Start of Block

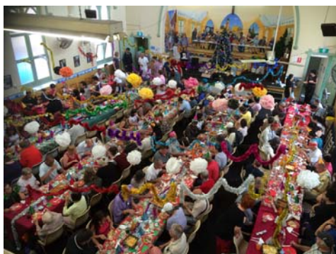
Christmas Day 2015 community lunch.
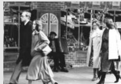
EU consumers are benefitting from more competition through lower prices for financial services, including insurance. (ILO)

The liberalization of financial services in the European Union (E.U.) has been part of the E.U.'s broader strategy to create a single market for goods, services, labour and capital. First efforts to create a single European financial market date back to the 1970s. At that time, some countries already removed their restrictions on capital movements. In the late 1980s, the creation of a single market was put at the top of the policy agenda of the then European Community. Meanwhile, a series of directives has completed liberalization of trade in banking, insurance and investment services. Liberalization in the E.U. is based on three fundamental principals: first, minimum harmonization of standards at the E.U. level; second, mutual recognition of national laws and regulations between E.U. Member States; and third, supervision of companies in their (E.U.) country of registration (home country control). The regulatory framework has been completed by the entry into force of the Second Banking Directive in 1993, the Third Life and Non-Life Insurance Directives in 1994, and the Investment Services Directive in 1996. These directives are complemented by a series of other directives defining key concepts and establishing essential prudential requirements. This framework grants E.U. companies and incorporated foreign subsidiaries in the E.U. the right of operation in all E.U. countries when they are registered in just one ("Single Passport").
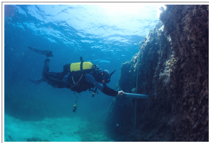
Fig. 1. Posidonia oceanica mat deposits in Portlligat (Western Mediterranean).

From the Py-GC-MS and THM-GC-MS data, the P. sinuosa is much more similar to its southern relative than to the Mediter-
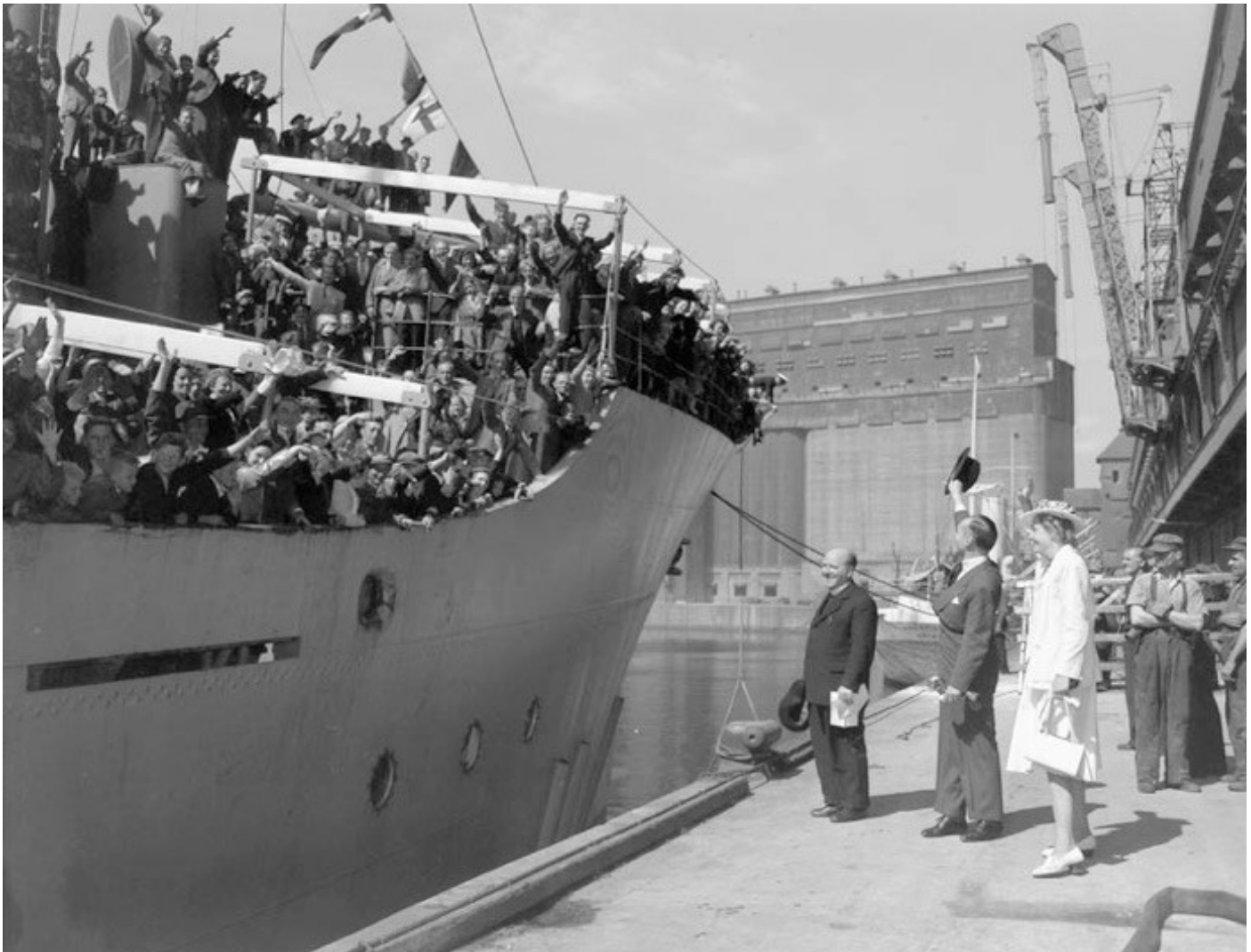
The Dutch ambassador, Dr. J.H. Van Roijen, waves to his fellow citizens as De Waterman docks in Montreal.

equipment itself or for the need for steel in the armaments supply. The following 2 years saw little relief from this loss with only a small amount of importing equipment being possible due to all countries working to recover from the war losses.
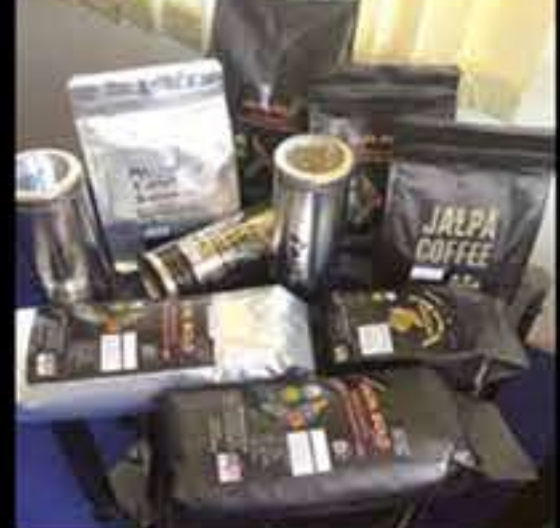
(58) Hospitality, Food & Wine, Monthly

Arabica coffee beans are known around the world as one of the best coffee beans and this is what gives our various coffee products its unique taste. Our organically grown coffee has been thoroughly consistent over the years and has been positively accepted by coffee lovers worldwide.
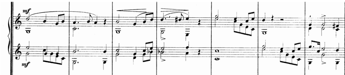
Figure 3.8: The Waldhörner (in C and F) from the Overture of Der Freischütz .

Both of these citations involve the power of the “German” forest, drawing on Der Freischütz to reflect the variegated potentials of the sylvan landscape. The Notturmo , for its part, seems directly inspired in the benevolent sounds of the Waldhörner (forest horns) in Weber’s Overture , a depiction of forest mysticism closely associated with “German” musical tradition by the 1840s, and which serves to transform Oberon’s “Athenian” wood into a decidedly “German”
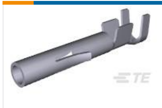
TE Part #350536-2 UMNL SOK 20-14 .0126 AUNI/BR
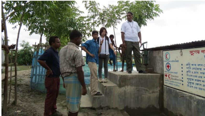
(Fig. E: New Pond Sand Filter built in the project)

level rise and consequent salinity intrusion. Therefore alternative drinking water sources including rainwater were promoted in the project. Two Pond Sand Filters (PSF) to purify rainwater collected in a pond was repaired, which had been provided by the government before the cyclone, and six new PSF was built (see Fig. E). four community rainwater tank was also built (see Fig. F). These facilities catered to the whole community beyond the 155 households that had received housing support and individual rainwater tanks.
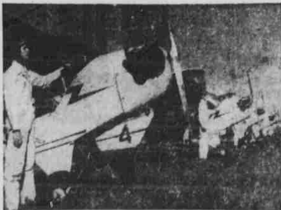
You receive Primary Training on these "easy-to-fly" Piper Cubs.

YOU MEN OF THE UNIVERSITY HAVE AN UNPARALLELED OPPORTUNITY RIGHT NOW TO RECEIVE PRACTICALLY WITHOUT COST, GOVERNMENT APPROVED FLIGHT TRAINING VALUED UP TO $3500. CPTP FOUR-STAGE PROGRAM QUALIFIES GRADUATES FOR HIGH-PAY POSITIONS AS FLIGHT INSTRUCTORS AND AIRLINE CO-PILOTS.
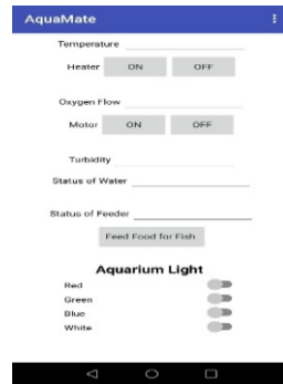
Figure 3. Mobile App
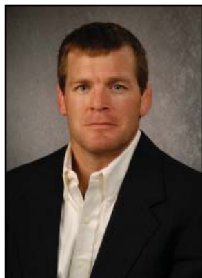
Tom Brands Head Coach (University of Iowa, 1992)

23 NATIONAL TITLES • 34 BIG TEN TITLES • 80 NCAA INDIVIDUAL TITLES • 191 BIG TEN INDIVIDUAL TITLES • 301 ALL-AMERICA HONORS
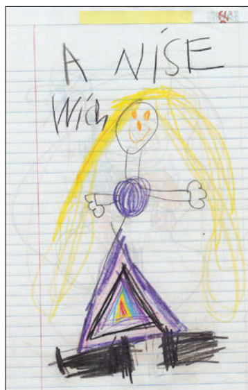
This child has selected s to represent the /s/ sound in nice .

Hard and soft sounds provide another opportunity to underscore that English orthography is more systematic than we may realize. It is not, in fact, random whether the c or g is pronounced with its hard or soft sound. Try pronouncing these two words: ceilent and gantin . These are made-up words, so you haven't seen or read them before. Yet most likely you pronounced the c as /s/ (soft) and the g as /g/ (hard). The reason is that c and g typically represent soft sounds when followed by e , i , or y , and hard sounds
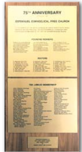
Series 701805, Double Gold-tone MetalGraph Plaque with Footer. Request a quote for custom pricing.

If you desire a larger sized plaque with fewer lines of names, choose the size plaque desired and Zax will enlarge the type to fit the plaque.
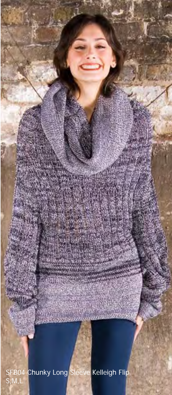
SFB04 Chunky Long Sleeve Kelleigh Flip S,M,L
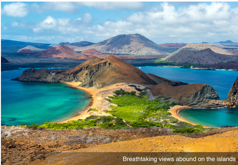
Breathtaking views abound on the islands

on Fernandina Island, one of the most well-preserved of the Galápagos Islands. Discover one of the world's most pristine island ecosystems as you observe hundreds of prehistoric marine iguanas sunbathing on black lava rocks. Quiet now as you encounter flightless cormorants on their nesting site, the only place in the world to find this species. These birds once flew, but over time, adapted to their environment and lost their ability to fly. Be on the lookout for the major predator on the island, the Galápagos hawk. This afternoon, visit Vicente Roca Point. This is a marine-only visitor site with great opportunities for deep-water snorkeling. See plenty of red-lipped batfish, sea horses, frogfish, marine turtles, sunfish, nudibranchs and octopi in these waters. On a dinghy ride along the coast, observe brown pelicans, penguins, flightless cormorants, nazca and blue-footed boobies, all ready to pose for pictures! Meals: B, L, D
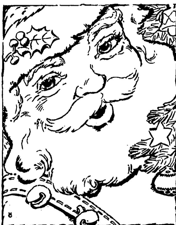
Hurray, hurray! Santa is here To spread lots of holiday cheer!
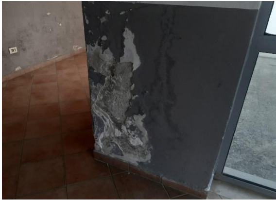
Existing "Zyber Sallaku" 9 – year School pictures
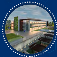
Global Health Security Consulting
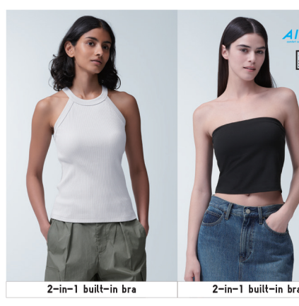
Halter Neck Bra Sleeveless Top <del>$29.90</del> $19.90
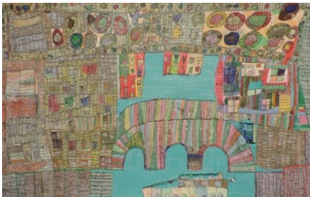
City plan, 70x46 cm, Acryl / ink on paper, Vera Sillen

Starting with details, Vera creates slowly her world, it takes time, but at the end a unique world unfolds.
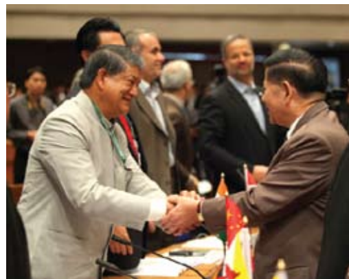
H.E. Mr. Harish Rawat Minister Of Agriculture for State – India

2.12 H.E. Shri Harish Rawat , Minister of State for Agriculture and Cooperation India traced the spurt in growth of co-operatives in India with the advent of planned economic development after attainment of independence in 1947 and informed that as of now there are 0.59 million co-operative societies engaged in diverse activities with a total membership of 248.20 million persons covering 97% of 600,000 villages of India and 71% of rural households—making India’s co-operative sector largest in the world and providing employment to 16.69 million people. He highlighted the role of dairy co-operatives in bringing about ‘White Revolution’ and turning
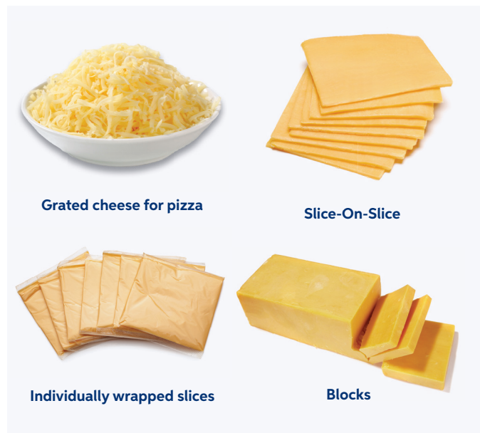
Grated cheese for pizza

CheddMax LB is specially formulated for use in a variety of processed cheese applications where reducing browning is required such as:
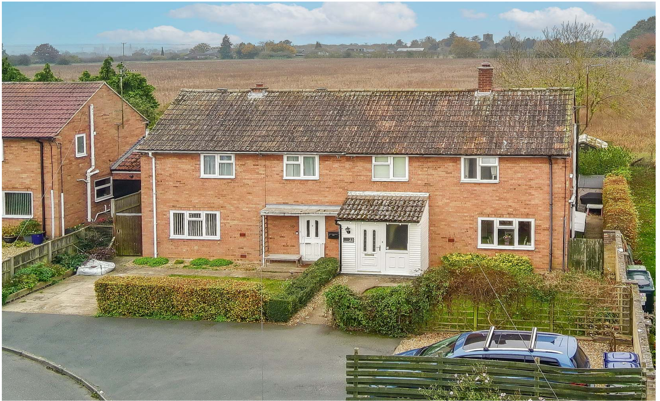
Herrings Close, Stow-cum-Quy, Cambridge, Cambridgeshire
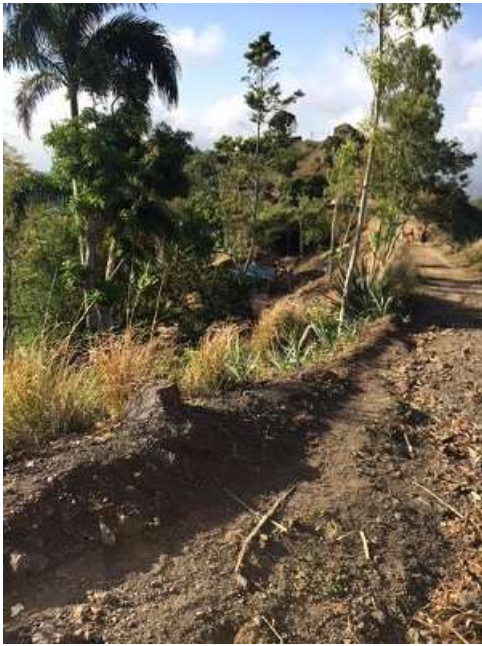
The road to and from the mission.
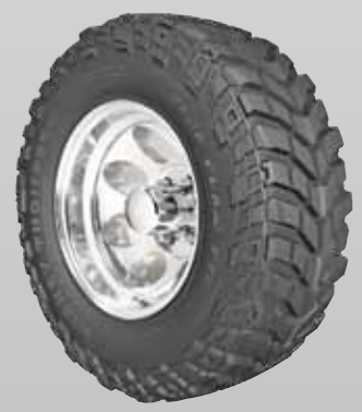
Baja Claw® TTC Extreme Terrain Radial
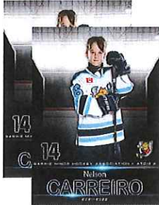
2 - 5x7 PORTRAIT PRINTS
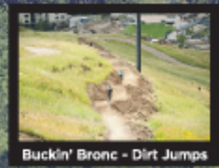
Buckin' Bronc - Dirt Jumps
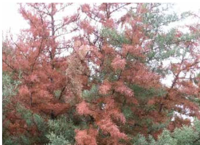
Photo 120. Seiridium canker causes die back on Arizona cypress.

End of Block

* EXERCISE PROMPT *
In your reply, every line of the material should appear exactly as written, and no picture should.

* ANSWER FOR THIS EXERCISE *
Christmas Day 2015 community lunch.
EU consumers are benefitting from more competition through lower prices for financial services, including insurance. (ILO)

The liberalization of financial services in the European Union (E.U.) has been part of the E.U.'s broader strategy to create a single market for goods, services, labour and capital. First efforts to create a single European financial market date back to the 1970s. At that time, some countries already removed their restrictions on capital movements. In the late 1980s, the creation of a single market was put at the top of the policy agenda of the then European Community. Meanwhile, a series of directives has completed liberalization of trade in banking, insurance and investment services. Liberalization in the E.U. is based on three fundamental principals: first, minimum harmonization of standards at the E.U. level; second, mutual recognition of national laws and regulations between E.U. Member States; and third, supervision of companies in their (E.U.) country of registration (home country control). The regulatory framework has been completed by the entry into force of the Second Banking Directive in 1993, the Third Life and Non-Life Insurance Directives in 1994, and the Investment Services Directive in 1996. These directives are complemented by a series of other directives defining key concepts and establishing essential prudential requirements. This framework grants E.U. companies and incorporated foreign subsidiaries in the E.U. the right of operation in all E.U. countries when they are registered in just one ("Single Passport").
Fig. 1. Posidonia oceanica mat deposits in Portlligat (Western Mediterranean).

From the Py-GC-MS and THM-GC-MS data, the P. sinuosa is much more similar to its southern relative than to the Mediter-
The Dutch ambassador, Dr. J.H. Van Roijen, waves to his fellow citizens as De Waterman docks in Montreal.

equipment itself or for the need for steel in the armaments supply. The following 2 years saw little relief from this loss with only a small amount of importing equipment being possible due to all countries working to recover from the war losses.
(58) Hospitality, Food & Wine, Monthly

Arabica coffee beans are known around the world as one of the best coffee beans and this is what gives our various coffee products its unique taste. Our organically grown coffee has been thoroughly consistent over the years and has been positively accepted by coffee lovers worldwide.
Figure 3.8: The Waldhörner (in C and F) from the Overture of Der Freischütz .

Both of these citations involve the power of the “German” forest, drawing on Der Freischütz to reflect the variegated potentials of the sylvan landscape. The Notturmo , for its part, seems directly inspired in the benevolent sounds of the Waldhörner (forest horns) in Weber’s Overture , a depiction of forest mysticism closely associated with “German” musical tradition by the 1840s, and which serves to transform Oberon’s “Athenian” wood into a decidedly “German”
TE Part #350536-2 UMNL SOK 20-14 .0126 AUNI/BR
(Fig. E: New Pond Sand Filter built in the project)

level rise and consequent salinity intrusion. Therefore alternative drinking water sources including rainwater were promoted in the project. Two Pond Sand Filters (PSF) to purify rainwater collected in a pond was repaired, which had been provided by the government before the cyclone, and six new PSF was built (see Fig. E). four community rainwater tank was also built (see Fig. F). These facilities catered to the whole community beyond the 155 households that had received housing support and individual rainwater tanks.
You receive Primary Training on these "easy-to-fly" Piper Cubs.

YOU MEN OF THE UNIVERSITY HAVE AN UNPARALLELED OPPORTUNITY RIGHT NOW TO RECEIVE PRACTICALLY WITHOUT COST, GOVERNMENT APPROVED FLIGHT TRAINING VALUED UP TO $3500. CPTP FOUR-STAGE PROGRAM QUALIFIES GRADUATES FOR HIGH-PAY POSITIONS AS FLIGHT INSTRUCTORS AND AIRLINE CO-PILOTS.
Figure 3. Mobile App
Tom Brands Head Coach (University of Iowa, 1992)

23 NATIONAL TITLES • 34 BIG TEN TITLES • 80 NCAA INDIVIDUAL TITLES • 191 BIG TEN INDIVIDUAL TITLES • 301 ALL-AMERICA HONORS
This child has selected s to represent the /s/ sound in nice .

Hard and soft sounds provide another opportunity to underscore that English orthography is more systematic than we may realize. It is not, in fact, random whether the c or g is pronounced with its hard or soft sound. Try pronouncing these two words: ceilent and gantin . These are made-up words, so you haven't seen or read them before. Yet most likely you pronounced the c as /s/ (soft) and the g as /g/ (hard). The reason is that c and g typically represent soft sounds when followed by e , i , or y , and hard sounds
Series 701805, Double Gold-tone MetalGraph Plaque with Footer. Request a quote for custom pricing.

If you desire a larger sized plaque with fewer lines of names, choose the size plaque desired and Zax will enlarge the type to fit the plaque.
SFB04 Chunky Long Sleeve Kelleigh Flip S,M,L
Breathtaking views abound on the islands

on Fernandina Island, one of the most well-preserved of the Galápagos Islands. Discover one of the world's most pristine island ecosystems as you observe hundreds of prehistoric marine iguanas sunbathing on black lava rocks. Quiet now as you encounter flightless cormorants on their nesting site, the only place in the world to find this species. These birds once flew, but over time, adapted to their environment and lost their ability to fly. Be on the lookout for the major predator on the island, the Galápagos hawk. This afternoon, visit Vicente Roca Point. This is a marine-only visitor site with great opportunities for deep-water snorkeling. See plenty of red-lipped batfish, sea horses, frogfish, marine turtles, sunfish, nudibranchs and octopi in these waters. On a dinghy ride along the coast, observe brown pelicans, penguins, flightless cormorants, nazca and blue-footed boobies, all ready to pose for pictures! Meals: B, L, D
Hurray, hurray! Santa is here To spread lots of holiday cheer!
Existing "Zyber Sallaku" 9 – year School pictures
Global Health Security Consulting
Halter Neck Bra Sleeveless Top <del>$29.90</del> $19.90
City plan, 70x46 cm, Acryl / ink on paper, Vera Sillen

Starting with details, Vera creates slowly her world, it takes time, but at the end a unique world unfolds.
H.E. Mr. Harish Rawat Minister Of Agriculture for State – India

2.12 H.E. Shri Harish Rawat , Minister of State for Agriculture and Cooperation India traced the spurt in growth of co-operatives in India with the advent of planned economic development after attainment of independence in 1947 and informed that as of now there are 0.59 million co-operative societies engaged in diverse activities with a total membership of 248.20 million persons covering 97% of 600,000 villages of India and 71% of rural households—making India’s co-operative sector largest in the world and providing employment to 16.69 million people. He highlighted the role of dairy co-operatives in bringing about ‘White Revolution’ and turning
Grated cheese for pizza

CheddMax LB is specially formulated for use in a variety of processed cheese applications where reducing browning is required such as:
Herrings Close, Stow-cum-Quy, Cambridge, Cambridgeshire
The road to and from the mission.
Baja Claw® TTC Extreme Terrain Radial
2 - 5x7 PORTRAIT PRINTS
Buckin' Bronc - Dirt Jumps
Photo 120. Seiridium canker causes die back on Arizona cypress.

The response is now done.